Start of PROVIDED ENTRIES
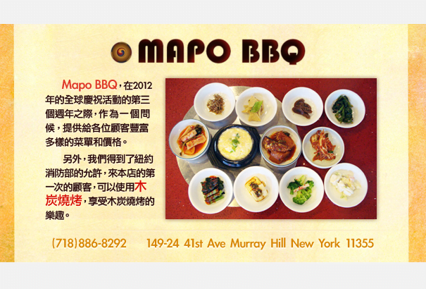 介绍:在2012年的全球慶祝活動的第三個週年之際,Mapo BBQ,作為一個問候,提供給各位顧客豐富多樣的菜單和價格。另外,我們得到了紐約消防部的允許,來本店的第一次的顧客,可以使用木炭燒烤,享受木炭燒烤的樂趣。
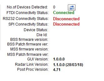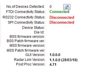 谢谢回复,此问题已解决。但是我打开mmwave studio时,检测不到设备,多次点击刷新还是不行,也试了换更低版本的mmwave studio ,还是不行。请问,我该怎么解决呢?谢谢!
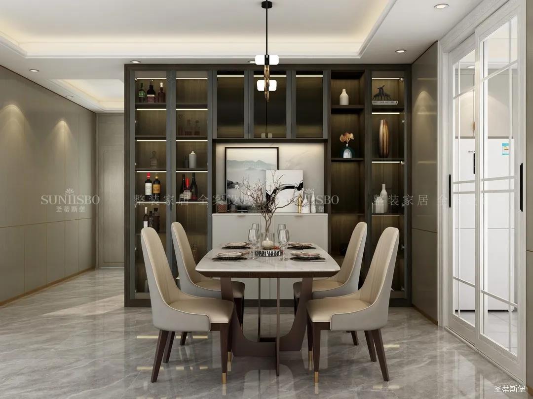 餐廳全開放式的布局,遵循了家具收納的28原則,20%的封閉式儲納,收納不常用的雜亂物品,80%的半開放設計,展示軟裝飾物。餐邊柜將玻璃、金屬、實木材質(zhì)糅合分配,讓空間質(zhì)感倍增的同時,也讓用餐空間多了一份家的溫度。
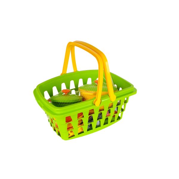 Se sadou hrnců, talířů a příborů si mohou malí kuchaři a kuchařky vařit co se jim zlíbí. Všechno mohou schovat do nákupního košíku. Rozměr košíku: 27 x 37 x 17 cm Vhodné od 3 let
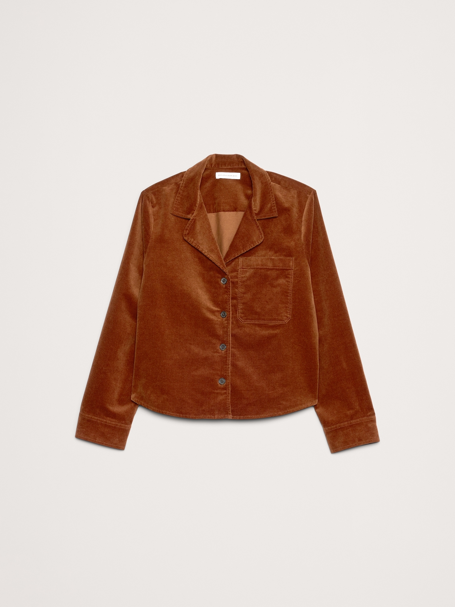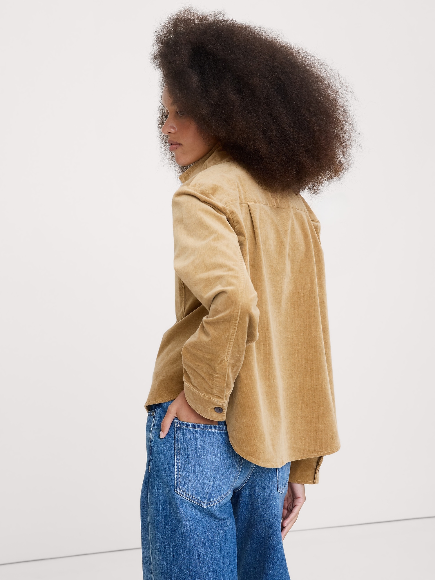 Nothing says cold weather quite like corduroy. Here, we put it to use in a shirt jacket with slightly shrunken proportions so it’s easy to layer all year.
End of PROVIDED ENTRIES
▶ **YOUR OBJECTIVE**
Produce an exact reprint of the entries, dropping the images.

▶ **OUTPUT OF THE TASK**
 介绍:在2012年的全球慶祝活動的第三個週年之際,Mapo BBQ,作為一個問候,提供給各位顧客豐富多樣的菜單和價格。另外,我們得到了紐約消防部的允許,來本店的第一次的顧客,可以使用木炭燒烤,享受木炭燒烤的樂趣。
 谢谢回复,此问题已解决。但是我打开mmwave studio时,检测不到设备,多次点击刷新还是不行,也试了换更低版本的mmwave studio ,还是不行。请问,我该怎么解决呢?谢谢!
 餐廳全開放式的布局,遵循了家具收納的28原則,20%的封閉式儲納,收納不常用的雜亂物品,80%的半開放設計,展示軟裝飾物。餐邊柜將玻璃、金屬、實木材質(zhì)糅合分配,讓空間質(zhì)感倍增的同時,也讓用餐空間多了一份家的溫度。
 Se sadou hrnců, talířů a příborů si mohou malí kuchaři a kuchařky vařit co se jim zlíbí. Všechno mohou schovat do nákupního košíku. Rozměr košíku: 27 x 37 x 17 cm Vhodné od 3 let
 Nothing says cold weather quite like corduroy. Here, we put it to use in a shirt jacket with slightly shrunken proportions so it’s easy to layer all year.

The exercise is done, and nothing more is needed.